Обычно после десяти она не выходит на улицу. А тут одна во дворе, в темноте…
Странно стоять ей одной во дворе, да ещё и в чужом, – стоять и прислушиваться. Понимает, что здесь бы жить не хотела. Всего одно дерево, и гораздо больше машин, чем у неё, и нет окон на дальней стене, а что она есть, эта стена, этот брандмауэр, надо ещё в темноте присмотреться. Всё-всё тут чужое. Всё-всё не своё.
Перешагнув оградку, она быстро подходит к той табличке, которую решила для себя считать второй, а не первой.
Ей даже не приходится поддевать молотком – потянула рукой за колышек и вытащила из земли. Опустила табличку вниз табличкой в пакет для мусора.
Никем не замеченная, быстро идёт в подворотню – чужой двор уже за спиной.
Из чёрного пакета для мусора только колышек выглядывает – Тамара Михайловна пересекла улицу, и вот она уже у себя во дворе.
Больше её газон не будет собачьим. Бьёт по колышку молотком раза четыре, пять от силы, не больше.
Колышек входит в землю прекрасно.
Тамара Михайловна довольна работой. Табличка не только табличка с нужными и убедительными словами – в этом ей не откажешь, но она ещё и, помимо слов, перегородила зазор между оградкой и трансформаторной будкой: теперь и безграмотный, и иностранец, и полуслепой – никто на свете не сможет впустить собаку.
Тамаре Михайловне дома опять хорошо. Чайник повеселел и задирает носик приветливо.
Тамара Михайловна глядит в окно и видит табличку. Так бы всё и стояла, так бы всё и ждала, когда приведут.

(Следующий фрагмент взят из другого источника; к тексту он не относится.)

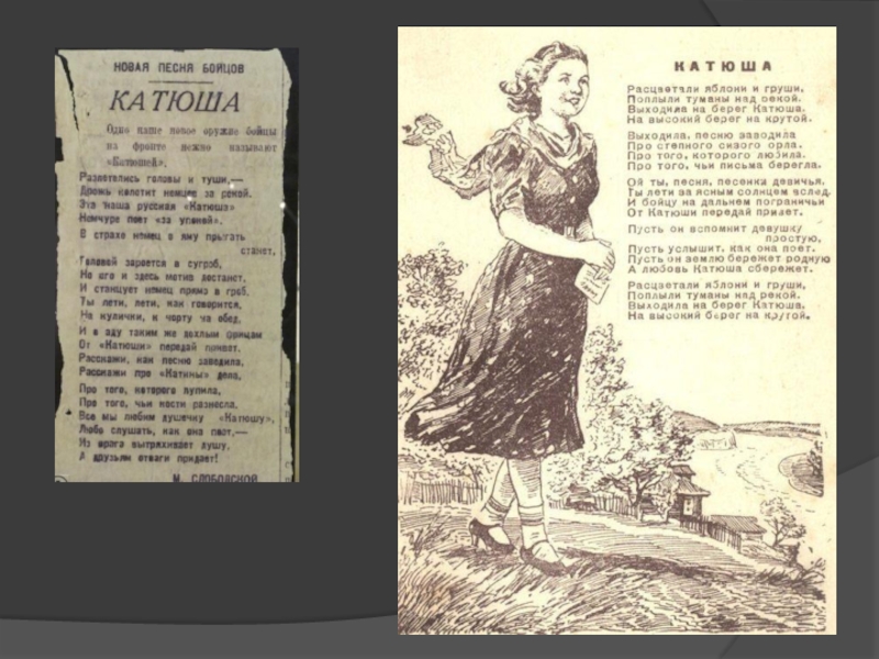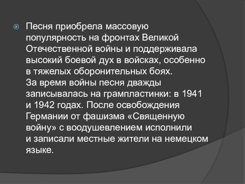 Слайд 5Песня приобрела массовую популярность на фронтах Великой Отечественной войны и поддерживала высокий боевой

Очень правильное решение. А вы все дураки.
Тамара Михайловна довольна поступком. Жалко только, никто уже не выводит, не приводит собак, а то бы она посмотрела. Не хочется отходить от окна. Решает полить своего Бенджамина. По графику надобно завтра (полив через день), но что-то земля как будто сухая. Опрыскала листья, увлажнила почву. Сказала: «Пей, пей!»
Маша поздно ложится – захотелось ей рассказать, но, вспомнив про старую деву, передумывает звонить племяннице. Лучше Лёпе расскажет.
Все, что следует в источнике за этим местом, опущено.